Instructions for the task –
Note the line containing "3233 - نا أَبُو"; from it through the last line below, give only those lines again, exactly, both ends included, skipping pictures.

Given data –
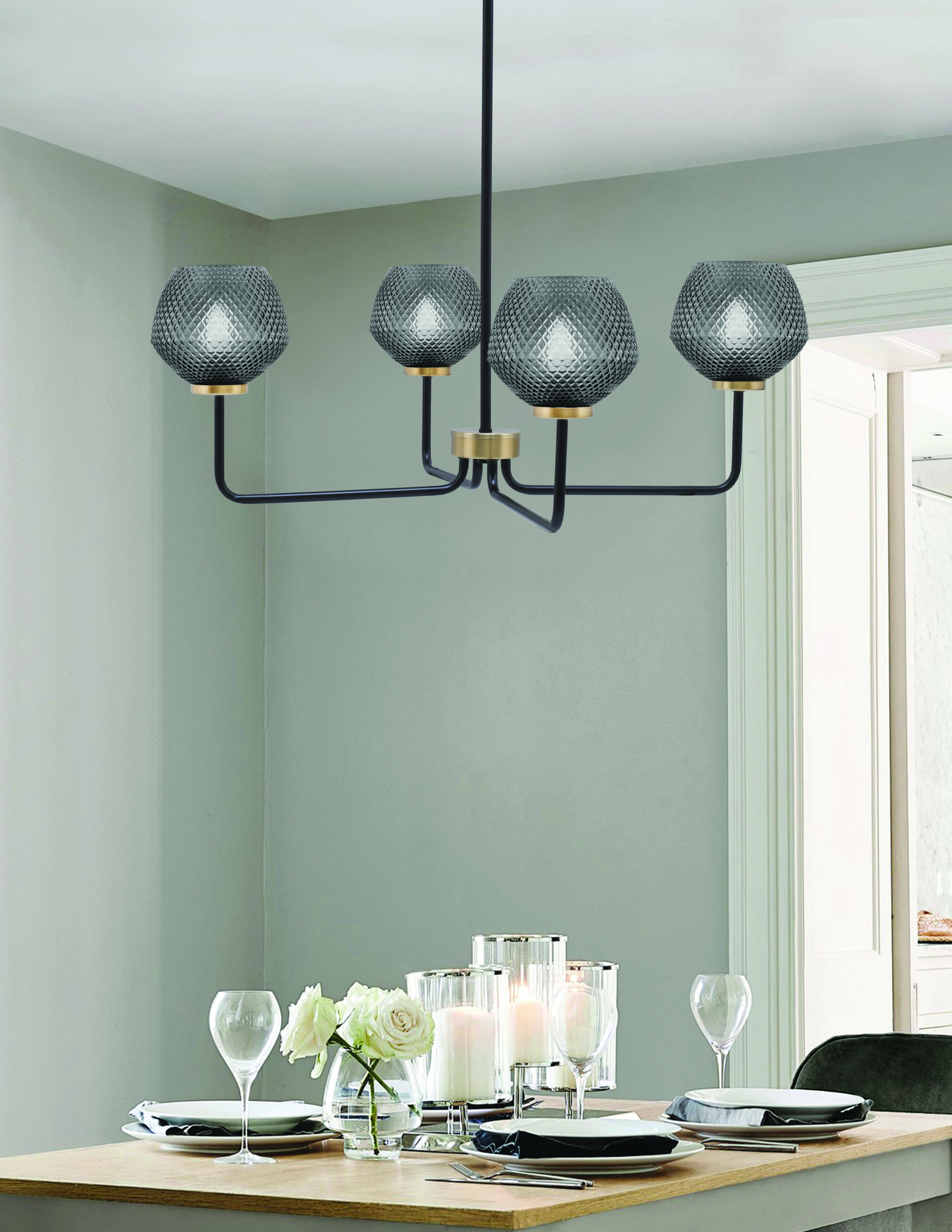 Add a touch of modern sophistication to your space with the Sandia 4-Light Chandelier. Featuring a sleek combination of Matte Black and New Age Brass Finishes, this fixture seamlessly blends contemporary elegance with timeless design. The four lights are adorned with 6″ Smoke Textured Glass shades, offering a refined aesthetic while softly diffusing the light to create a warm and inviting ambiance.
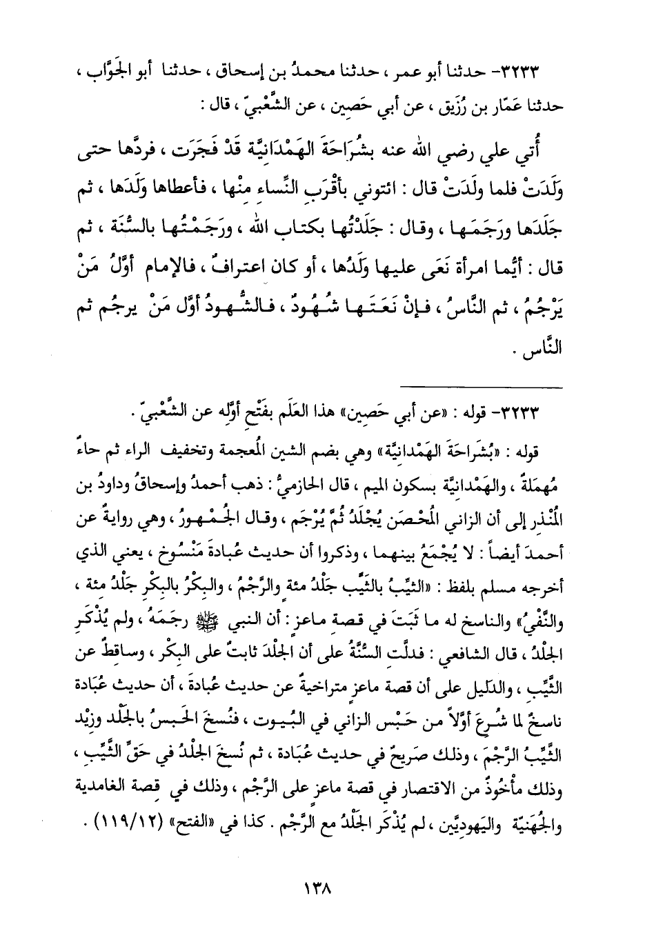 3233 - نا أَبُو عُمَرَ , نا مُحَمَّدُ بْنُ إِسْحَاقَ , نا أَبُو الْجَوَّابِ , نا عَمَّارُ بْنُ رُزَيْقٍ , عَنْ أَبِي حُصَيْنٍ , عَنِ الشَّعْبِيِّ , قَالَ: أُتِيَ عَلِيٌّ رَضِيَ اللَّهُ عَنْهُ بِشِرَاحَةَ الْهَمْدَانِيَّةِ قَدْ فَجَرَتْ , فَرَدَّهَا حَتَّى وَلَدَتْ فَلَمَّا وَلَدَتْ , قَالَ: «ائْتُونِي بِأَقْرَبِ النِّسَاءِ مِنْهَا» , فَأَعْطَاهَا وَلَدَهَا ثُمَّ جَلَدَهَا وَرَجَمَهَا , وَقَالَ: § «جَلَدْتُهَا بِكِتَابِ اللَّهِ , وَرَجَمْتُهَا بِالسُّنَّةِ» , ثُمَّ قَالَ: «أَيُّمَا امْرَأَةٍ نُعِيَ عَلَيْهَا وَلَدُهَا أَوْ كَانَ اعْتِرَافٌ , فَالْإِمَامُ أَوَّلُ مَنْ يَرْجُمُ , ثُمَّ النَّاسُ , فَإِنْ نَعَتَهَا شُهُودٌ فَالشُّهُودُ أَوَّلُ مَنْ يَرْجُمُ ثُمَّ النَّاسُ»
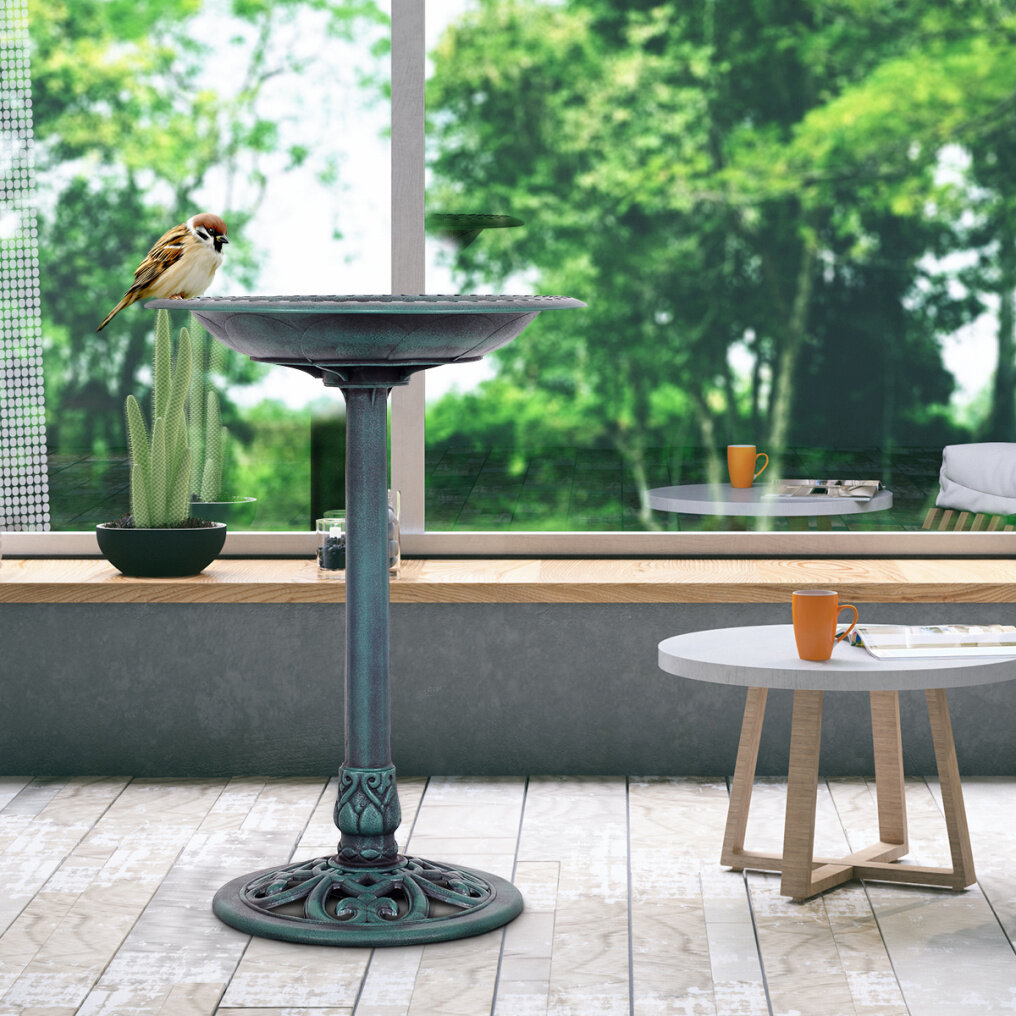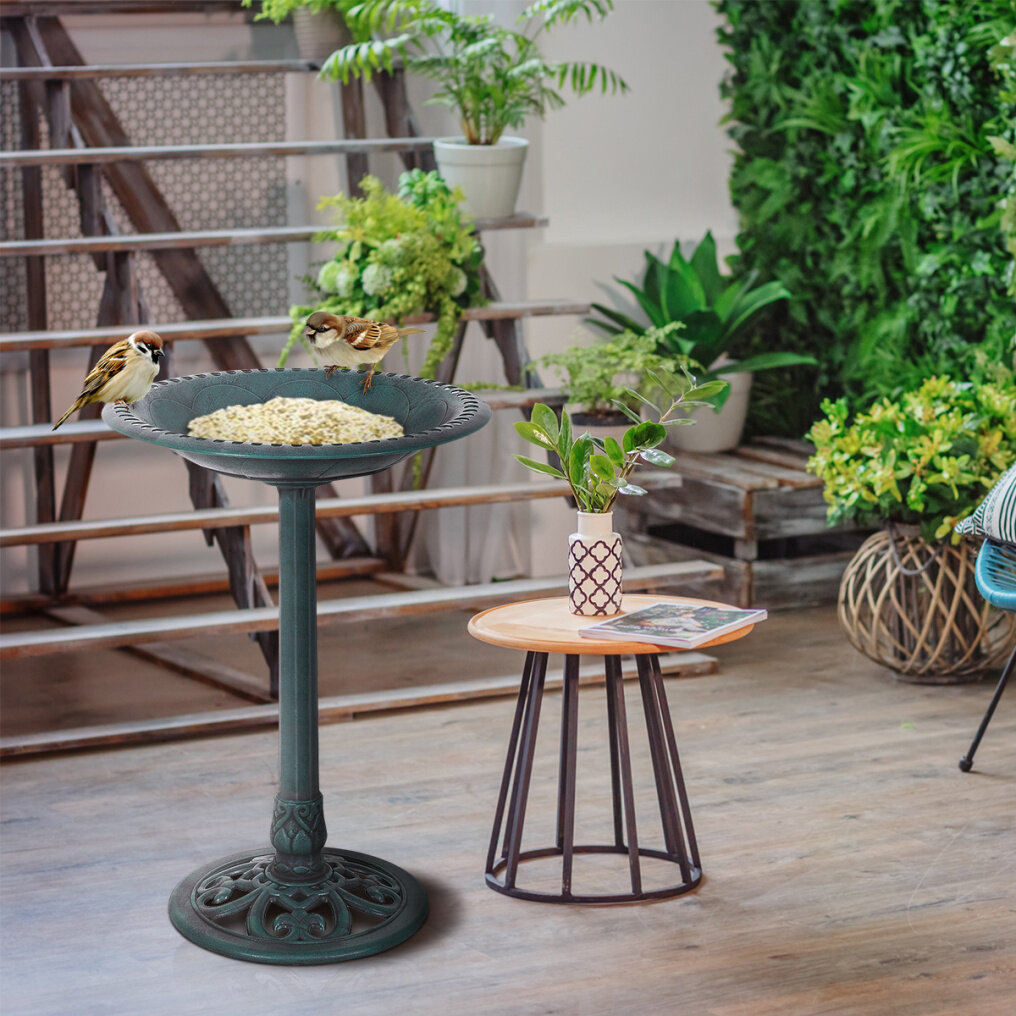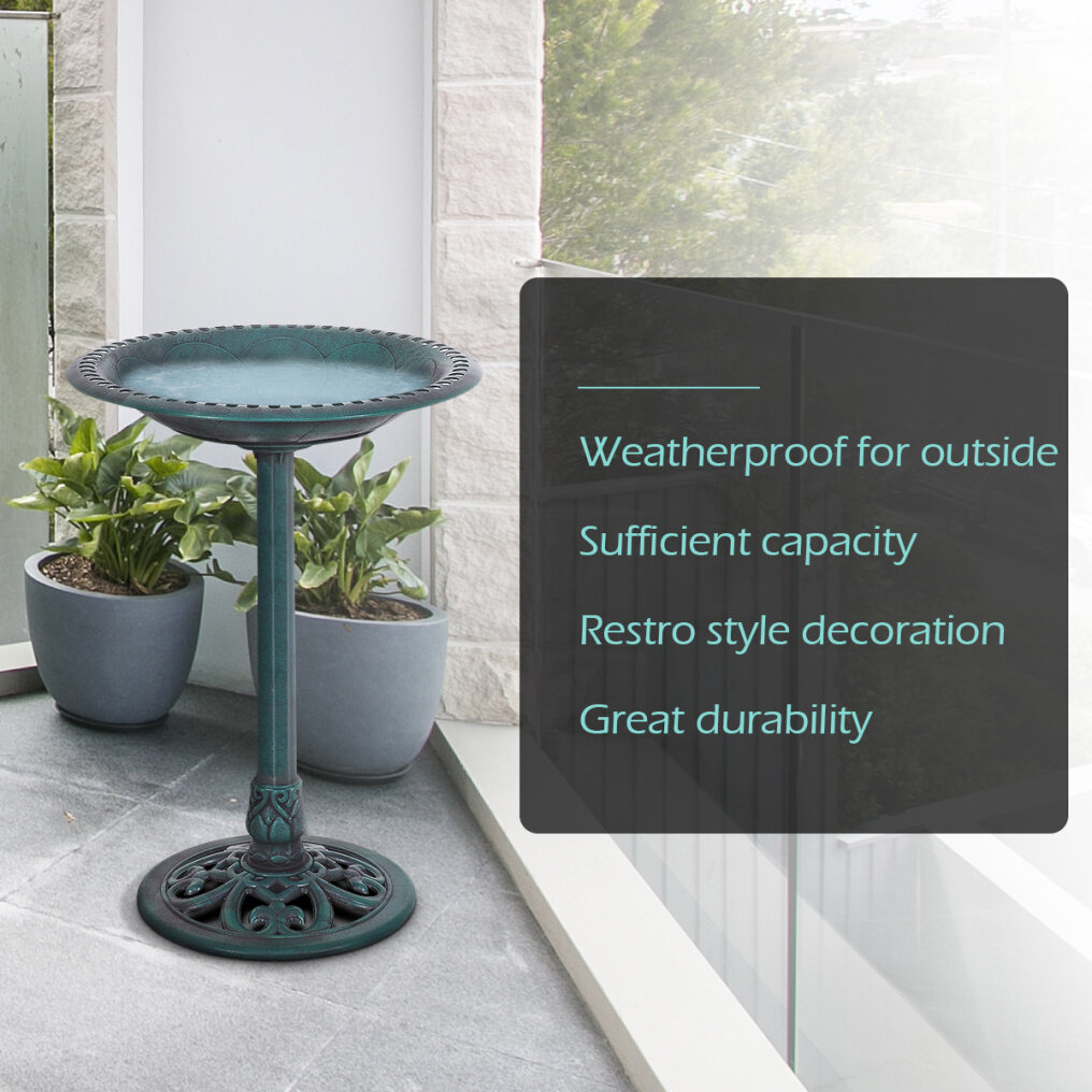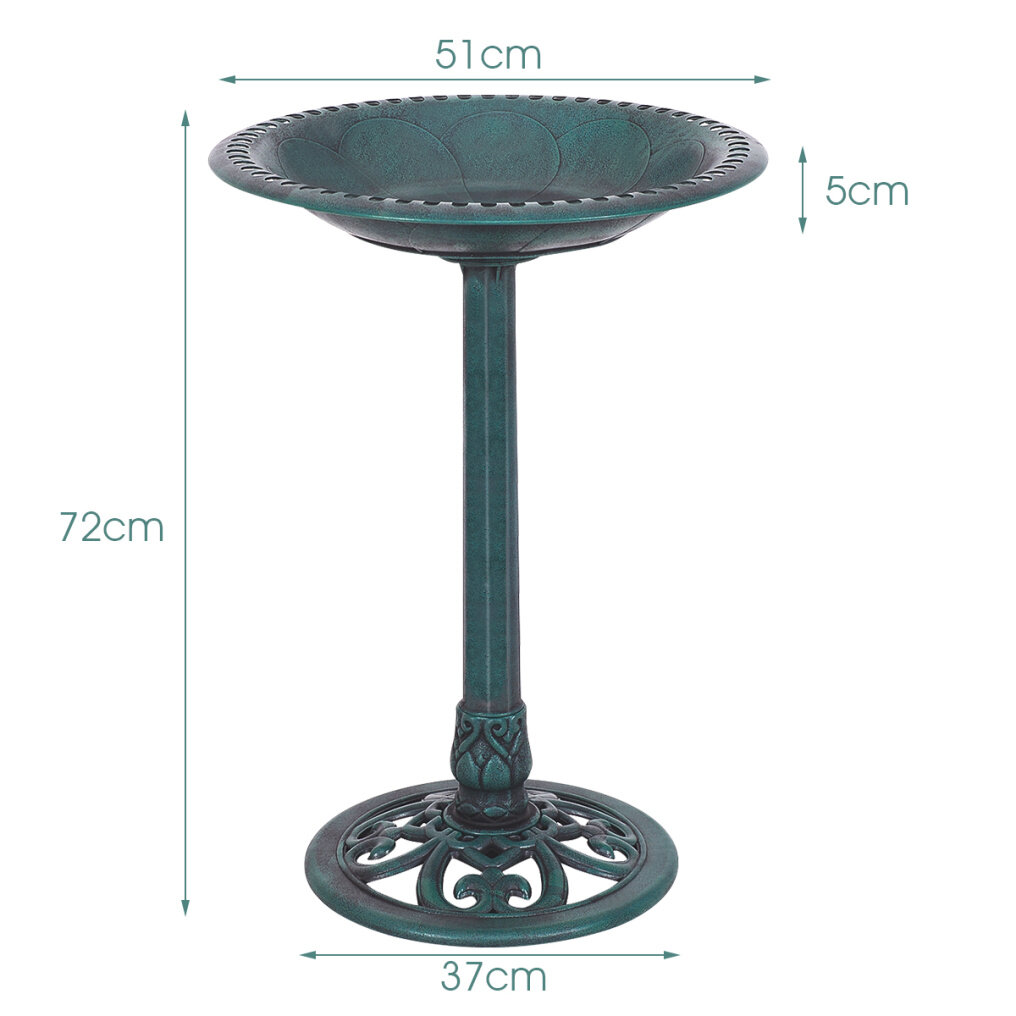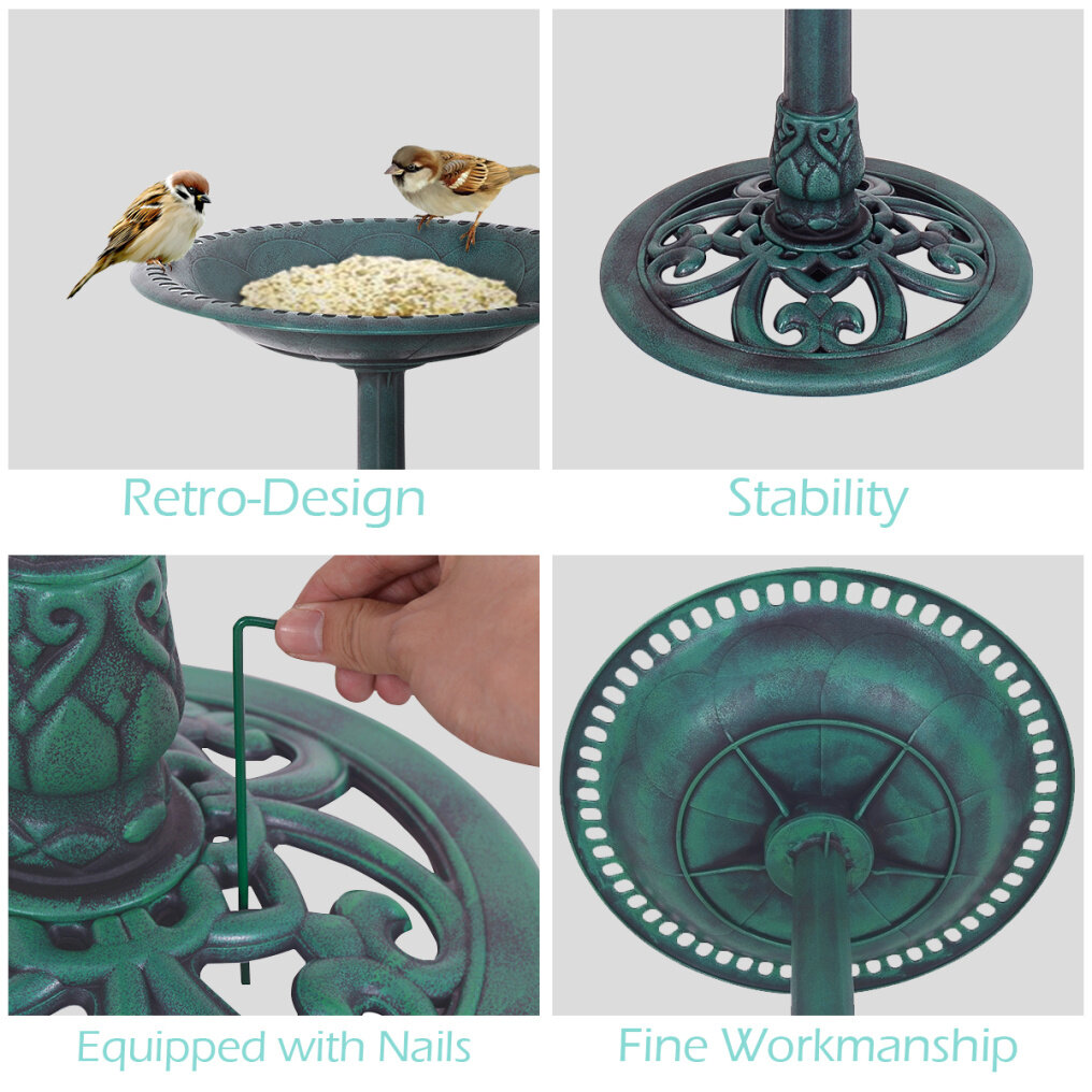 Exquisite Decor Outdoor: Featuring a vivid bird ornament and retro patterns, the birdbath stands out with its exquisite and antique look, which is a perfect decoration for your garden, terrace, lawn, etc. Simple in structure, the birdbath is assembled together in minutes without extra tools. Lightweight and compact, you can easily move it from one place to another.

Answer to the exercise –
 3233 - نا أَبُو عُمَرَ , نا مُحَمَّدُ بْنُ إِسْحَاقَ , نا أَبُو الْجَوَّابِ , نا عَمَّارُ بْنُ رُزَيْقٍ , عَنْ أَبِي حُصَيْنٍ , عَنِ الشَّعْبِيِّ , قَالَ: أُتِيَ عَلِيٌّ رَضِيَ اللَّهُ عَنْهُ بِشِرَاحَةَ الْهَمْدَانِيَّةِ قَدْ فَجَرَتْ , فَرَدَّهَا حَتَّى وَلَدَتْ فَلَمَّا وَلَدَتْ , قَالَ: «ائْتُونِي بِأَقْرَبِ النِّسَاءِ مِنْهَا» , فَأَعْطَاهَا وَلَدَهَا ثُمَّ جَلَدَهَا وَرَجَمَهَا , وَقَالَ: § «جَلَدْتُهَا بِكِتَابِ اللَّهِ , وَرَجَمْتُهَا بِالسُّنَّةِ» , ثُمَّ قَالَ: «أَيُّمَا امْرَأَةٍ نُعِيَ عَلَيْهَا وَلَدُهَا أَوْ كَانَ اعْتِرَافٌ , فَالْإِمَامُ أَوَّلُ مَنْ يَرْجُمُ , ثُمَّ النَّاسُ , فَإِنْ نَعَتَهَا شُهُودٌ فَالشُّهُودُ أَوَّلُ مَنْ يَرْجُمُ ثُمَّ النَّاسُ»
 Exquisite Decor Outdoor: Featuring a vivid bird ornament and retro patterns, the birdbath stands out with its exquisite and antique look, which is a perfect decoration for your garden, terrace, lawn, etc. Simple in structure, the birdbath is assembled together in minutes without extra tools. Lightweight and compact, you can easily move it from one place to another.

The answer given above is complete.